PwC’s new analysis shows that demand for climate technology has grown rapidly across venture capital markets. In total, $16.3bn was invested into climate tech across data, carbon capture and storage (CCS), the built environment, industrial process, agriculture, transport and energy in 2019.
While climate tech still only accounts for 6% of the venture capital market, it’s representation has grown by more than 3750% in absolute terms since 2013. In fact, growth in climate tech has surpassed growth in Artificial Intelligence investment. However, levels of investment into climate tech are actually down on 2018 levels.
According to the analysis, the growth has been driven by corporate requirements to meet net-zero commitments and investors ramping up interest and investments into low-carbon markets.
“Investor participation in climate tech is fundamentally different to the noughties clean tech era. Climate tech funding seems to be coming from every corner of the market,” Dr. Celine Herweijer global leader, innovation and sustainability at PwC UK said.
“More traditional venture capital firms are today at the table, growth stage investors including government backed asset managers and Private Equity players are getting involved in earlier stage deals to get exposure, and corporate players from oil majors and global consumer goods companies to Big Tech are playing important roles as strategic investors to scale approaches.”
Corporate innovation
PwC attributes part of the growth to the 300 companies that had committed to net-zero commitments at the time of writing the report – including PwC. In addition, many companies have set up large-scale investment funds to trial and commercialise low-carbon innovations.
Last week, for example, Amazon announced the first beneficiaries of its $2bn Climate Pledge Fund, with organisations developing carbon removal technologies, nature-based carbon markets and electric vehicle (EV) innovations set to benefit.
Elsewhere, Microsoft has launched a $1bn climate innovation fund, using its own capital, to help develop carbon reduction and removal technologies. The tech giant plans to reduce its carbon impact to below net-zero by 2030, with an additional goal of removing carbon from the atmosphere that the company has emitted since it was founded in 1975.
Consumer goods giant Unilever has also unveiled a new set of sustainability commitments, pledging to end its contribution to deforestation, promote regenerative agriculture, transition to biodegradable ingredients and reach net-zero emissions for products by 2039 – all supported by a new €1bn Climate and Nature fund.
Fortunately, the net-zero transition can be delivered without placing an economic burden on society. By scaling up energy efficiency efforts and deploying renewable energy generation capacity far more rapidly, the world could “technically and economically” transition to net-zero by 2050 for the cost of less than 1% of global GDP annually through to mid-century.
That is the key conclusion of a report from the Energy Transitions Commission (ETC), backed by 40 leaders from major energy companies, finance giants, high-emitting sectors like steel and transport and bodies such as the World Resources Institute (WRI). Corporate backers include the likes of ArcelorMittal, Shell, Tata Group and Volvo.

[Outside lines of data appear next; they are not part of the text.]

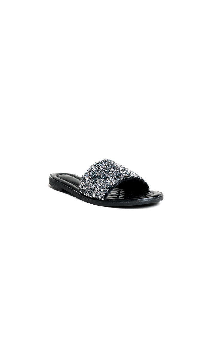 our SOFIE sandals feature faux leather material, metallic finish, diamante and crystal embellishment and slip on slider style. Perfect for your summer vacay, add a floral midi for a seriously cute look.
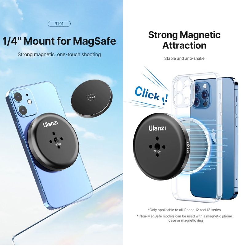 Ulanzi R101 — (1/4" Mounting Plate with Strong Magnetic Phone Mount Compatible with MagSafe)
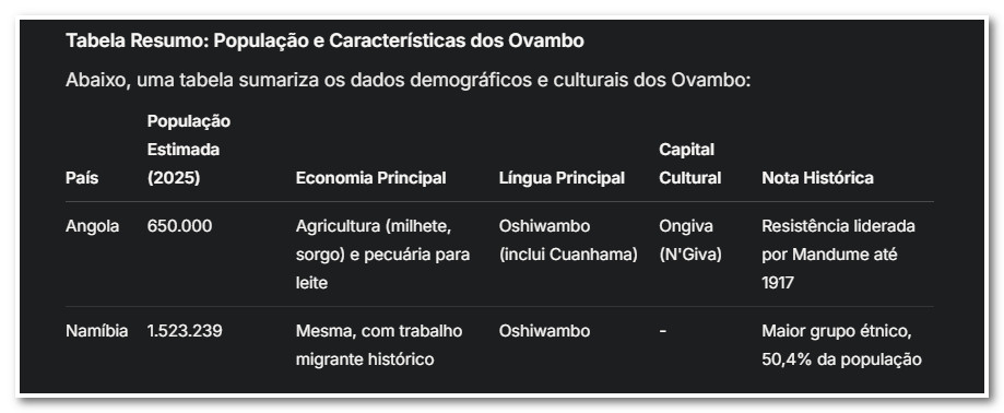 Os Ovambo, também conhecidos como Aawambo ou Ambo, são um grupo étnico banto predominante na Namíbia e presentes no sul de Angola, especialmente na província do Cunene. Estimativas atuais indicam uma população de cerca de 650.000 em Angola, conforme dados do Joshua Project (Joshua Project), representando cerca de 2% da população total angolana. Na Namíbia, o censo de 2023 reporta 1.523.239 Ovambo, correspondendo a 50,4% da população, conforme o relatório oficial (Namibia 2023 Population and Housing Census). Esses números sugerem um crescimento significativo em relação a estimativas históricas, como as mencionadas de 63.000 em Angola e 230.000 na Namíbia, que parecem datar de períodos anteriores, possivelmente do início do século XX, considerando o contexto histórico de resistência colonial.
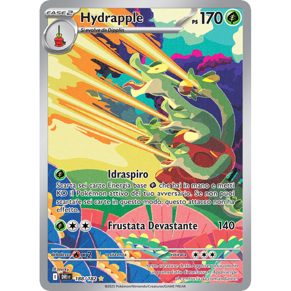 Scarta sei carte Energia base {G} che hai in mano e metti KO il Pokémon attivo del tuo avversario. Se non puoi scartare sei carte in questo modo, questo attacco non ha effetto.
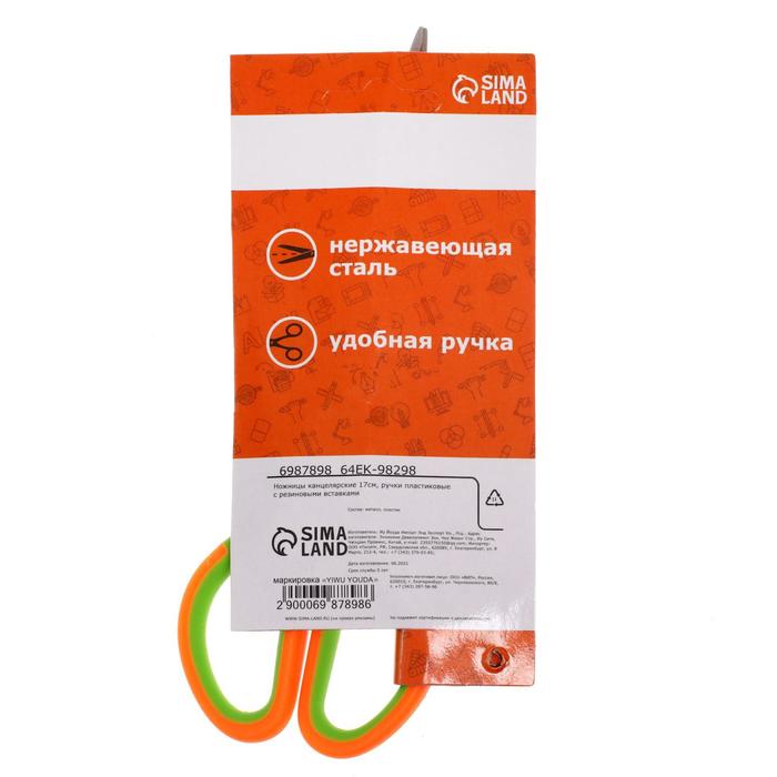 Ножницы канцелярские 17 см, ручки пластиковые с резиновыми вставками, МИКС — Характеристики
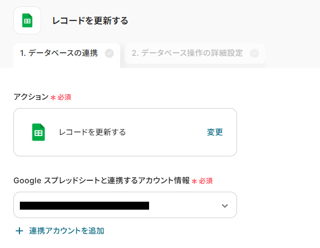 ステップ6:Google スプレッドシートのレコードを更新する設定
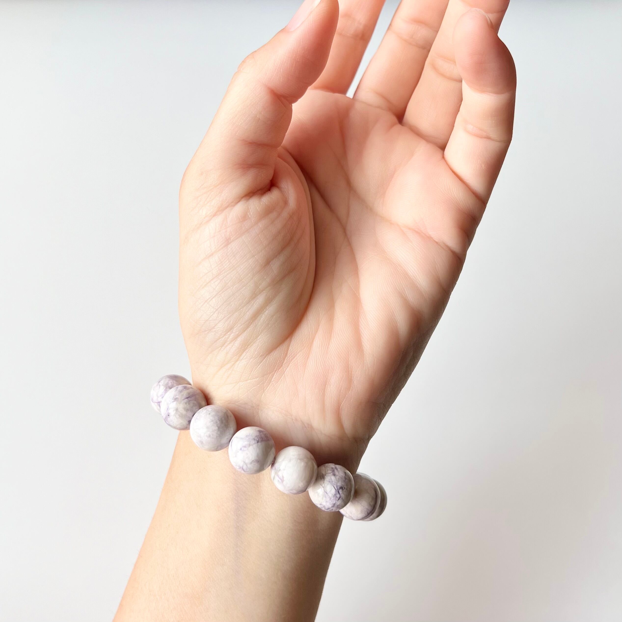白地にほんのり紫色が入った、上品で優しい印象のパープルハウライトです

“The bottom line is that demand for climate tech is only going to accelerate,” the PwC report adds. “With global corporations, investors, and governments pledging to transition to net zero value chains, portfolios and jurisdictions, they are all betting on climate technology breakthroughs to be found, scaled and to transform industries and society. Demand is not yet at a stampede but the market is heating up and it’s time for all stakeholders to help back the innovations the world really needs.”